_Exercise data_
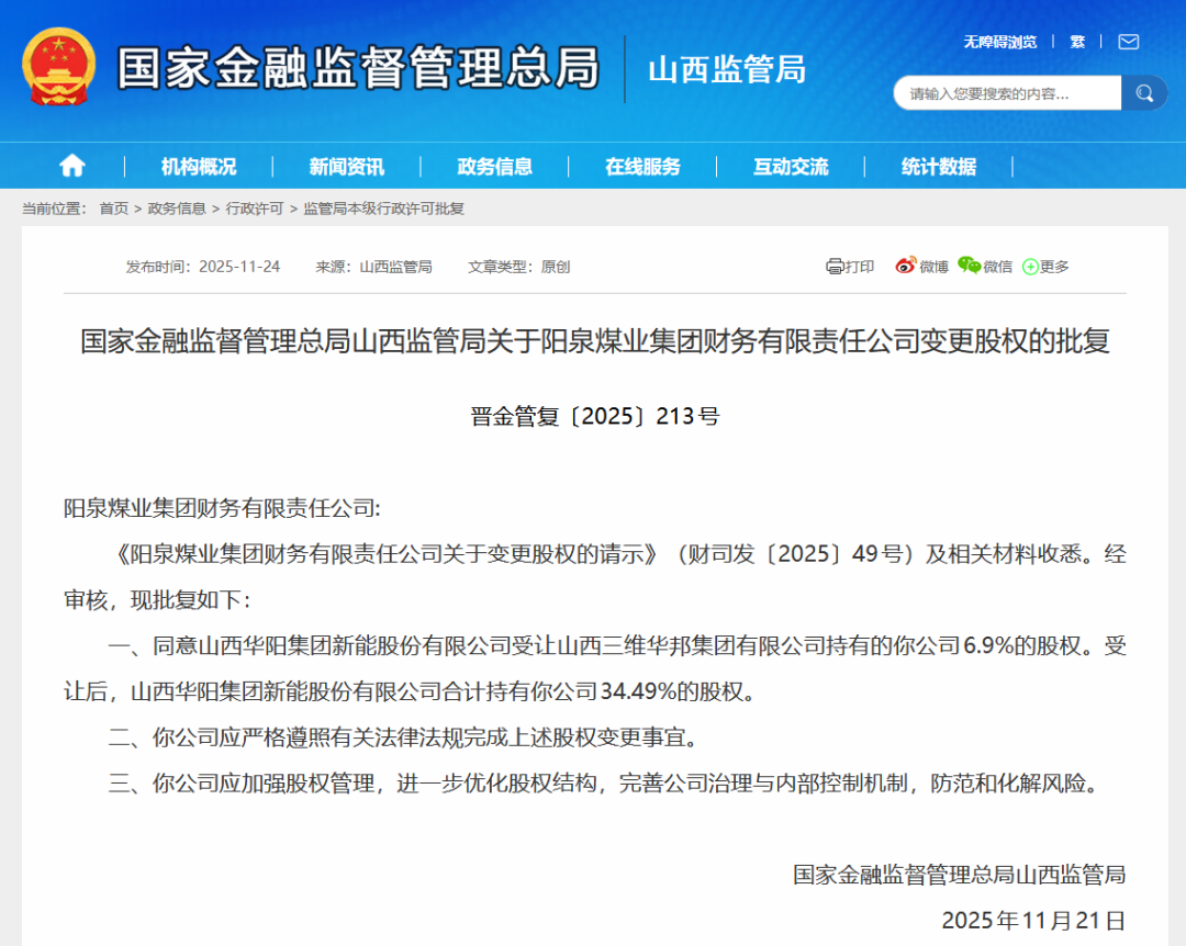 11月24日,国家金融监督管理总局山西监管局公布相关批复,同意华阳集团新能公司受让山西三维华邦集团持有的阳泉煤业集团财务公司(下称“阳煤财务公司”)6.9%的股权。受让后,华阳集团新能公司合计持有阳煤财务公司34.49%的股权。
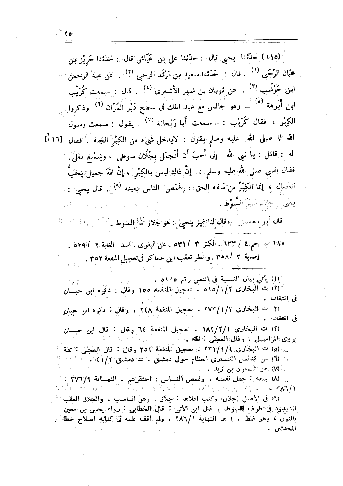 115 - حَدثنَا يحيى قَالَ حَدثنَا على بن عَيَّاش قَالَ حَدثنَا حريز بن عُثْمَان الرَّحبِي قَالَ حَدثنَا سعيد بن مرْثَد الرَّحبِي عَن عبد الرَّحْمَن بن حَوْشَب عَن ثَوْبَان بن شهر الْأَشْعَرِيّ قَالَ سَمِعت كريب بن أَبْرَهَة وَهُوَ جَالس مَعَ عبد الْملك فِي سطح دير المران وَذكروا الْكبر فَقَالَ كريب سَمِعت أَبَا رَيْحَانَة يَقُول سَمِعت رَسُول الله صلى الله عَلَيْهِ وَسلم يَقُول لَا يدْخل شَيْء من الْكبر الْجنَّة فَقَالَ لَهُ قَائِل يَا نَبِي الله إِنِّي أحب أَن أَتَجَمَّل بجلان سوطى وَشسع نعلى فَقَالَ النَّبِي صلى الله عَلَيْهِ وَسلم إِن ذَاك لَيْسَ بِالْكبرِ إِن الله جميل يحب الْجمال إِنَّمَا الْكبر من سفه الْحق وَغَمص النَّاس بِعَيْنِه قَالَ يحيى يَعْنِي بالجلان سير السَّوْط قَالَ أَبُو الْفضل وَقَالَ لنا غير يحيى هُوَ جلاز السَّوْط
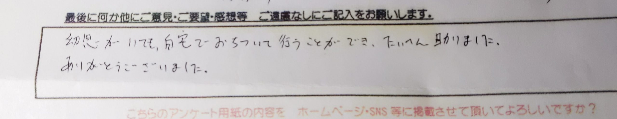 幼児がいても、自宅でおちついて行うことができ、たいへん助かりました。 ありがとうございました。
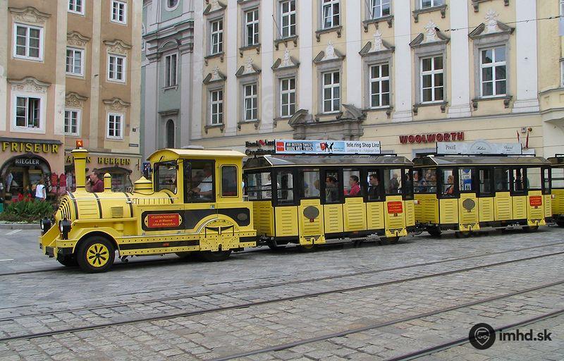 Vyhliadkový autíčko-vláčik premávajúci v centre Linzu.

_Required action_
Return an exact copy of the data above, apart from any pictures.

_Solution for this exercise_
 11月24日,国家金融监督管理总局山西监管局公布相关批复,同意华阳集团新能公司受让山西三维华邦集团持有的阳泉煤业集团财务公司(下称“阳煤财务公司”)6.9%的股权。受让后,华阳集团新能公司合计持有阳煤财务公司34.49%的股权。
 115 - حَدثنَا يحيى قَالَ حَدثنَا على بن عَيَّاش قَالَ حَدثنَا حريز بن عُثْمَان الرَّحبِي قَالَ حَدثنَا سعيد بن مرْثَد الرَّحبِي عَن عبد الرَّحْمَن بن حَوْشَب عَن ثَوْبَان بن شهر الْأَشْعَرِيّ قَالَ سَمِعت كريب بن أَبْرَهَة وَهُوَ جَالس مَعَ عبد الْملك فِي سطح دير المران وَذكروا الْكبر فَقَالَ كريب سَمِعت أَبَا رَيْحَانَة يَقُول سَمِعت رَسُول الله صلى الله عَلَيْهِ وَسلم يَقُول لَا يدْخل شَيْء من الْكبر الْجنَّة فَقَالَ لَهُ قَائِل يَا نَبِي الله إِنِّي أحب أَن أَتَجَمَّل بجلان سوطى وَشسع نعلى فَقَالَ النَّبِي صلى الله عَلَيْهِ وَسلم إِن ذَاك لَيْسَ بِالْكبرِ إِن الله جميل يحب الْجمال إِنَّمَا الْكبر من سفه الْحق وَغَمص النَّاس بِعَيْنِه قَالَ يحيى يَعْنِي بالجلان سير السَّوْط قَالَ أَبُو الْفضل وَقَالَ لنا غير يحيى هُوَ جلاز السَّوْط
 幼児がいても、自宅でおちついて行うことができ、たいへん助かりました。 ありがとうございました。
 Vyhliadkový autíčko-vláčik premávajúci v centre Linzu.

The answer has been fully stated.